How has NCLB changed the way my school operates? I suppose I could give a pat answer that details the effects of increased accountability, federal standards, AYP, and all of that, but in reality, I’m not at a place to answer this question. I was in middle school when the bill was passed, so asking me in 2010 how a nearly decade-old policy affects a school I have worked for since last year assumes more than I am able to provide. Naturally, I see how concerned everyone is with the ripple effects of this legislation, but since I really have no other frame of reference (since standardized testing, the TAAS, was already in place when I moved to Texas in 1994) it is essentially impossible for me to fully answer this question, clearly posed by those of much more experience and tenure and with little regard for those of us in similar situations as me. Some of the effects of NCLB that I see (again, keeping in mind I have no point of reference) are: endless meetings about data disaggregation, demographics, and sub populations while teachers are asked to not only be good educators, but good administrators, dealing with arduous paperwork and excessive amounts of administrative tasks that are of no direct correlation to the instruction of students.

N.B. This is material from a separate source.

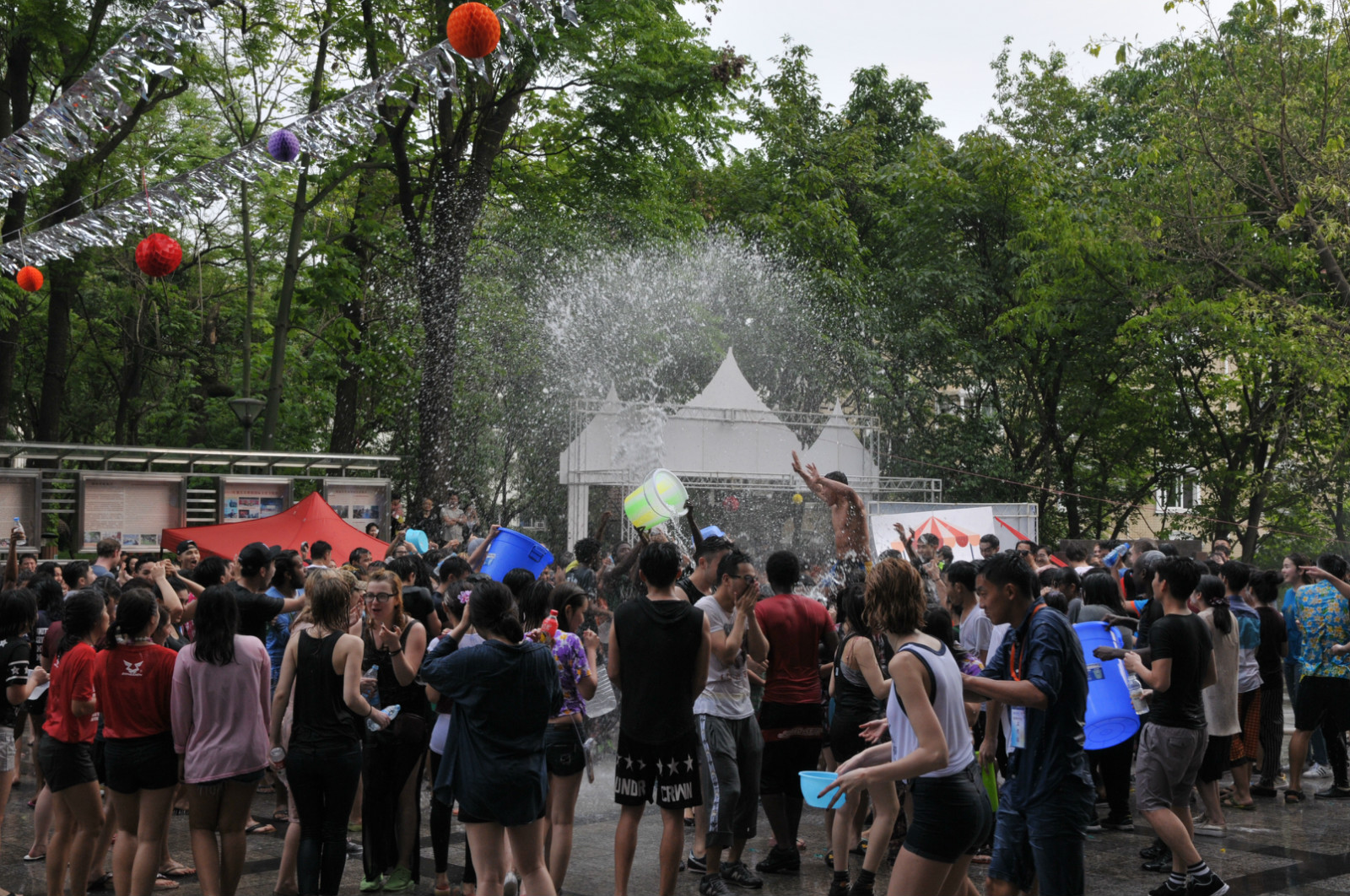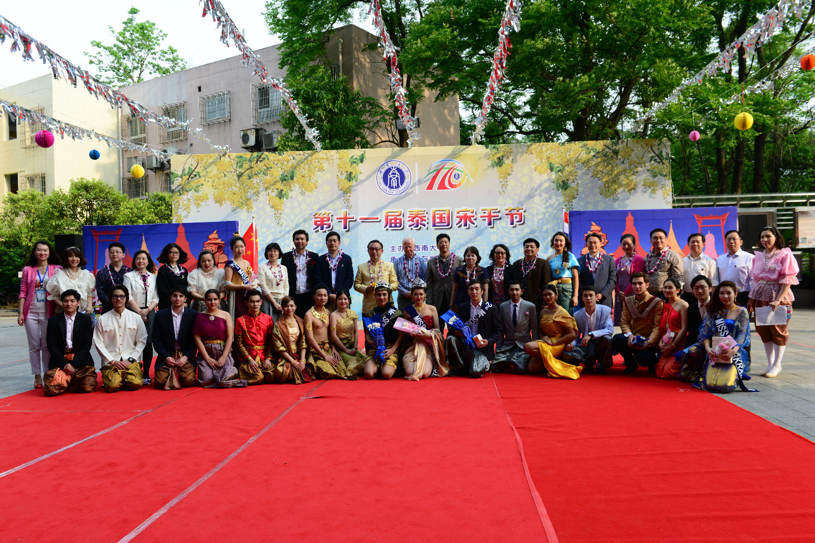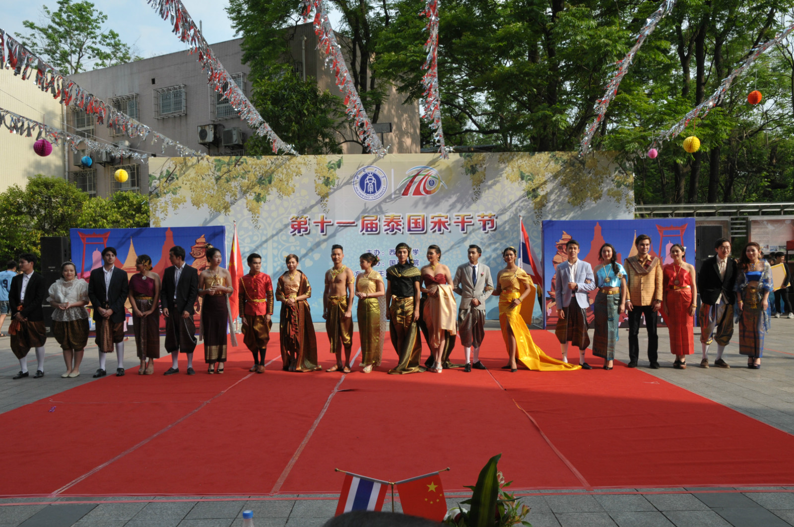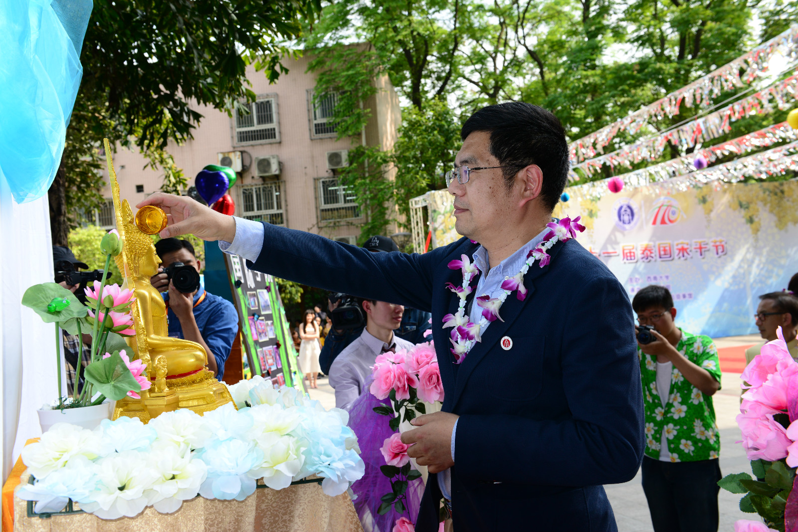 在身着传统泰式裙袍的泰国礼仪引导下,现场嘉宾进行了神圣庄严的浴佛仪式。仪式完毕后,5名来自各学院的泰国职工精心准备的歌舞节目引发了全场热烈掌声,而由来自泰国,韩国,哈萨克斯坦等国的职工参与的“宋干先生”与“宋干小姐”的评选更是将气氛推至高潮。最后,在激情澎湃的音乐中,全场师生尽情泼水,互道祝福,享受着传统的泰历新年带来的愉悦。

However, when the government says “jump,” you jump. Rather, you ask “how high?” The most common attitude I run across is that No Child Left Behind is, in reality, leaving more children behind than if the legislation had not been passed to begin with. This is not to say that standards and accountability are bad things; quite the contrary in fact. But the implementation and methodology in which accountability is leveraged is a primer in what not to do unless you are dually prepared for a massive influx of students who have been passed along from grade to grade without true mastery, all the while blaming each teacher from the year prior while not holding the child accountable.